Scholars@Duke publication: SMAD4 Alterations are a Predictive Biomarker to Guide First-line Chemotherapy Selection for the Neoadjuvant Treatment of Localized Pancreatic Cancer : A Multicenter, Retrospective Cohort Study.

SMAD4 Alterations are a Predictive Biomarker to Guide First-line Chemotherapy Selection for the Neoadjuvant Treatment of Localized Pancreatic Cancer : A Multicenter, Retrospective Cohort Study.

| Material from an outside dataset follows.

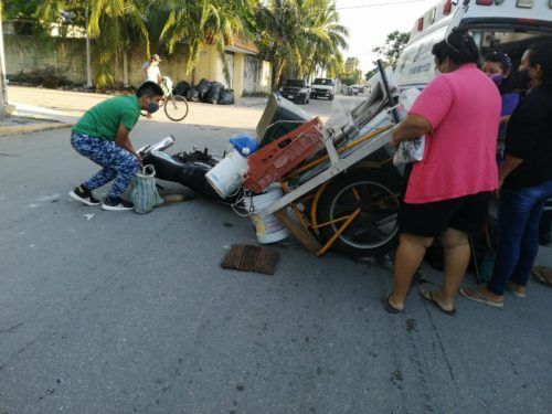 PLAYA DEL CARMEN, Quintana Roo, 27 de noviembre.- Conductor de camioneta particular no respeta su alto obligatorio y embiste a motociclista que circulaba con preferencia de paso en la Colonia ejido.

Publication , Journal Article

Button, J; Kanu, E; Agritelley, E; Dickey, EM; Diskin, B; Sarkari, A; Zaman, U; Sharanappa, R; Kim, A; Marin-Guerra, V; Brauer, DG; Datta, J ...

Published in: Ann Surg

October 28, 2025

Published version (DOI) Link to item

OBJECTIVE: To evaluate the role of SMAD4 mutational status on clinical outcomes in patients with localized pancreatic ductal adenocarcinoma (PDAC) treated with neoadjuvant chemotherapy (NAC). BACKGROUND: NAC is increasingly utilized in the management of localized PDAC. In biologically unselected patients, FOLFIRINOX (FFX) and gemcitabine plus nab-paclitaxel (gem/nab-p) demonstrate equivalent oncologic outcomes. SMAD4 has been identified as a potential biomarker of resistance to FFX in single institution studies but validation is needed. METHODS: A multicenter, retrospective cohort study was conducted of patients with localized PDAC who received neoadjuvant FFX or gem/nab-p. Alterations in SMAD4 were assessed by targeted next-generation sequencing. The association of SMAD4 alterations with rates of metastatic progression and surgical resection were assessed by multivariable logistic regression accounting for resectability status and tumor location. RESULTS: The rate of SMAD4 alterations was 27.3% (85/311). A total of 168 (54.0%) patients underwent surgical resection; there was no difference in rates of surgical resection between FFX vs. gem/nab-p treatment groups (52.0% vs. 59.3%; P =0.248). When stratified by SMAD4 mutational status, SMAD4 alterations were associated with increased likelihood of metastatic progression (OR 1.89, 95% CI 1.01-3.55; P =0.047) and failure to complete surgical resection (OR 0.49, 95% CI 0.26-0.91; P =0.024) uniquely among patients who received FFX. SMAD4 alterations were not associated with metastatic progression ( P =0.804) or surgical resection ( P =0.689) for gem/nab-p treated patients. CONCLUSION: Alterations in SMAD4 were predictive of treatment failure for patients receiving neoadjuvant FFX. These data warrant prospective evaluation and support future trial designs incorporating SMAD4 as a predictive genomic biomarker.